What to produce: The required output is the lines below from the line containing "증정될 책은 <부의 진실>" to the line containing "Iced Cross &", inclusive, retyped exactly. No other lines belong in it.

Data for this exercise:

□ □ □

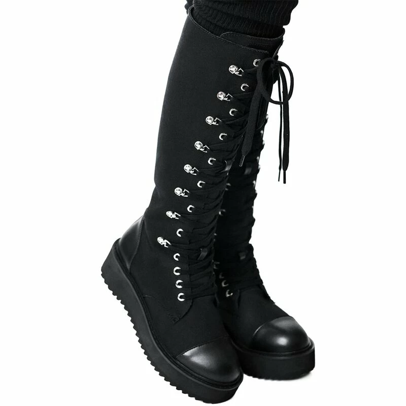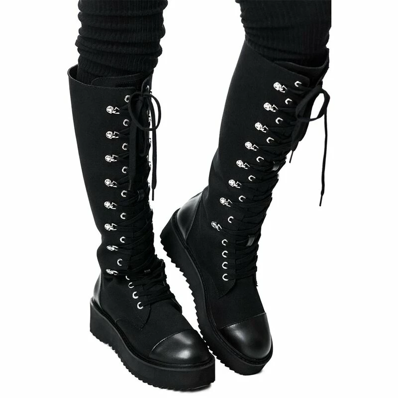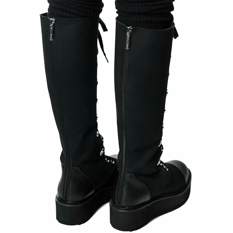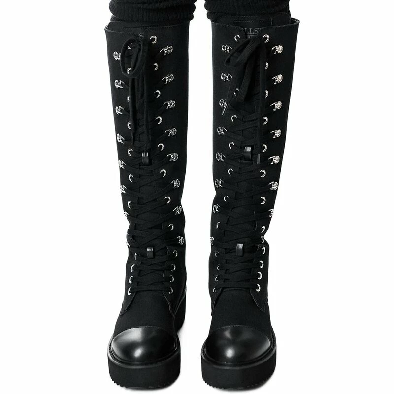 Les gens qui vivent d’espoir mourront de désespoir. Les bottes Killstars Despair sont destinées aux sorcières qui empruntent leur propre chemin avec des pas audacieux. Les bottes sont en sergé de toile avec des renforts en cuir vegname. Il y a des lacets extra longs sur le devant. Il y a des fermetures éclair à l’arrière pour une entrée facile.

□ □ □

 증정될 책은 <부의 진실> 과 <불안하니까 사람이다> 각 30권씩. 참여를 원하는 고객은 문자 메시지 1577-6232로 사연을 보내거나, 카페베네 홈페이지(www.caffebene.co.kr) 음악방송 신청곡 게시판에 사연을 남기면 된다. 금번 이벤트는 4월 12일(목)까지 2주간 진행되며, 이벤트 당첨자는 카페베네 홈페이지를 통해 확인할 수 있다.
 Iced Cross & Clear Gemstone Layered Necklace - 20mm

□ □ □

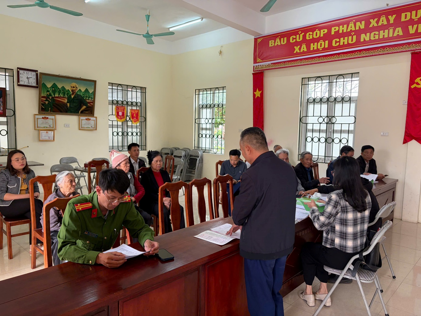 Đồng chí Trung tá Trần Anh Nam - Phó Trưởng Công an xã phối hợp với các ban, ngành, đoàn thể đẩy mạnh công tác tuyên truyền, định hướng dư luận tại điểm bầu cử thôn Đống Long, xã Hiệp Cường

□ □ □

Written response:
 증정될 책은 <부의 진실> 과 <불안하니까 사람이다> 각 30권씩. 참여를 원하는 고객은 문자 메시지 1577-6232로 사연을 보내거나, 카페베네 홈페이지(www.caffebene.co.kr) 음악방송 신청곡 게시판에 사연을 남기면 된다. 금번 이벤트는 4월 12일(목)까지 2주간 진행되며, 이벤트 당첨자는 카페베네 홈페이지를 통해 확인할 수 있다.
 Iced Cross & Clear Gemstone Layered Necklace - 20mm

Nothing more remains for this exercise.